Лютый зверь - Калбазов (Калбанов) Константин Георгиевич 9 стр.


— Как не помнить, помню… Погодь…

— Я это, Рукодел, я.

— Эка тебя расписала–то жизнь!

— Было дело.

— А что же ты ко мне оружным–то?

— Так ведь дело имею, потому и оружный. Может, в мастерскую пройдем?

Когда они оказались в сухой, но уже по–осеннему прохладной мастерской, плотник повертел в руках выструганный из сосны мушкет:

— Эка ты намудрил!

Оно вроде и неказисто: понятное дело, у скомороха руки не под работу с деревом заточены. Но, с другой стороны, все понятно. Вот ствол. Вот по желобку от него должно отделяться ложе. Замка, разумеется, нет. Приклад какой–то мудреный. Работа хотя и корявая, но даже в таком виде поудобнее будет в руках держать, чем тот карабин, который рядом на верстаке лежит. Видно, что размеры старались под него заточить.

— Я так понимаю, хочешь, чтобы я новое ложе изготовил для твоего мушкета.
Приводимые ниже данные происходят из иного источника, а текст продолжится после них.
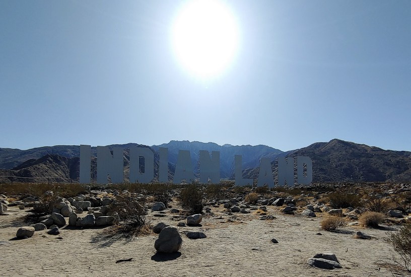 One of the most popular installations is NEVER FORGET (pictured above), by Alaskan artist Nicholas Galanin, who placed supersized letters, reminiscent of the famous Hollywood sign, that read “Indian Land,” claiming the desert for its true owners. Viewers enjoy taking pictures of this sign, which has as backdrop the dry brown hills that welcome visitors to Palm Springs.

— Правильно мыслишь. О цене особо не задумывайся. Сколько скажешь, столько и уплачу. И дерево самое лучшее подбери.

— Хм. А коли сто рублев укажу, что же и столько уплатишь? – Непривычно было плотнику как–то вот так, не торгуясь, самому цену назначать.

— Почто пустые разговоры разговаривать? Ты свою работу знаешь, чего она стоит – тоже. Лишнего все одно не затребуешь, не того ты склада. Да на будущее держи, как испытаю работу, так будет еще заказ.

— Большой?

— Дюжина карабинов. Заказ спешный, так что имей в виду, коли работа какая подвернется.
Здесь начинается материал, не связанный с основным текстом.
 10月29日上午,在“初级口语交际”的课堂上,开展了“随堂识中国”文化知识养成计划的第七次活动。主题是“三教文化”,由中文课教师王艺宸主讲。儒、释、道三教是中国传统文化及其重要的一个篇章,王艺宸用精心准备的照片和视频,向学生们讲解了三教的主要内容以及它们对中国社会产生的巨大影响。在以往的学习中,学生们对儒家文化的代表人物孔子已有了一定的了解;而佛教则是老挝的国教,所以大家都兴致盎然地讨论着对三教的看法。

— Добро. К какому сроку исполнить первый?

— Ты мастер, сам срок и назначай.

— Дай мне неделю.

— Указывать не стану, но не много ли?

— В самый раз будет. Управлюсь раньше – хорошо, да только сомнительно. Ты ить вырезал игрушку из сосны и радуешься, как дите. А тут оружие с огненным боем, не шутка. Нужно все семь раз отмерять да поглядеть.

— Добро.

Когда Виктор сел рядом, Горазд спросил:

— Домой?

Время вроде как и обеденное, засветло не обернуться, даже если выехать с утра. Дороги расквасило, который день идут дожди с небольшими перерывами. Да и в Звонграде вроде делать нечего. С другой стороны, лошадь у них добрая. Ее Добролюб из похода привел. Тех, что поплоше, при хозяйстве оставили. За эту можно было взять хорошую цену, но хозяин отказался ее продавать. В общем–то правильно сделал. Лошадь сильная, легкую повозку тащит без проблем даже по раскисшей дороге.
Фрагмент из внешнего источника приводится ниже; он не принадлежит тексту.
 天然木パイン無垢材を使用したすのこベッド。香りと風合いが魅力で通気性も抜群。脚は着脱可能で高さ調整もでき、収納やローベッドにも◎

— Нечего ерундой заниматься. Завтра с рассветом и двинем.

— Тогда куда?

— Нешто мы в граде постой не сыщем?

Сыскали, как не сыскать. А с рассветом в путь наладились. К вечеру уж были дома, да и там долго не задержались. Собрались поутру и дальше двинули, в Обережную. А что время терять? С подворьем Беляна справляется. Если что непонятно – Богдан подскажет. Все же год прожил при постоялом дворе, не слепой и не глухой, к делам присматривался. Горазду же пора медкомиссию устраивать. Если бабушка позволит, то нужно парня начинать нагружать. Пришло время заняться серьезным делом.

Виктор помнил взгляд, которым встретил его несостоявшийся зять Богдана. Была в нем и обида, и надежда, и зависть. Да много чего было, не передать тот взгляд! Хотелось ему отправиться вместе с Добролюбом в следующий поход, страсть как хотелось. Но тот четко наказал сначала полностью оправиться после ранения и только потом подумывать о походе. Ждет Горазд приговора бабки с нетерпением, потому как не сомневается, что оправился полностью. А вот тут его ждет разочарование, потому как сначала нужно пройти обучение, вдумчивое и серьезное. Виктору нужен напарник, а не обуза.

— Что это там, Добролюб?

— Бог весть. Народ чего–то шумит. Не иначе как буза какая. А ну–ка, погоняй.

— Н-но, пошла, родимая!

Лошади словно передалось волнение пассажиров. Она припустила по разгвазданной дороге вновь отстроенной улицы посада, возродившегося из пепла, словно птица Феникс, только комья грязи и брызги полетели во все стороны. Словно и не было целого дня пути по бездорожью! Хорошие все же лошади у западников в каретных упряжах ходят, сильные и выносливые.

Да что же такое могло приключиться? Чего это народ так разъярился? Столпились на краю села возле нового домишки. Впрочем, тут они все новые. А на этом месте стоял когда–то дом, в котором обреталась бабка Любава. Погоди, да не на нее ли взъярился народ? Этим крестьянским душам много не надо, лишь бы нашелся козел отпущения, на которого можно свалить все, в том числе и случайности, и собственную глупость. Даже распоследний тупица не любит признаваться в своей дурости, проще кого иного обвинить. А знахарка для того – самый подходящий кандидат.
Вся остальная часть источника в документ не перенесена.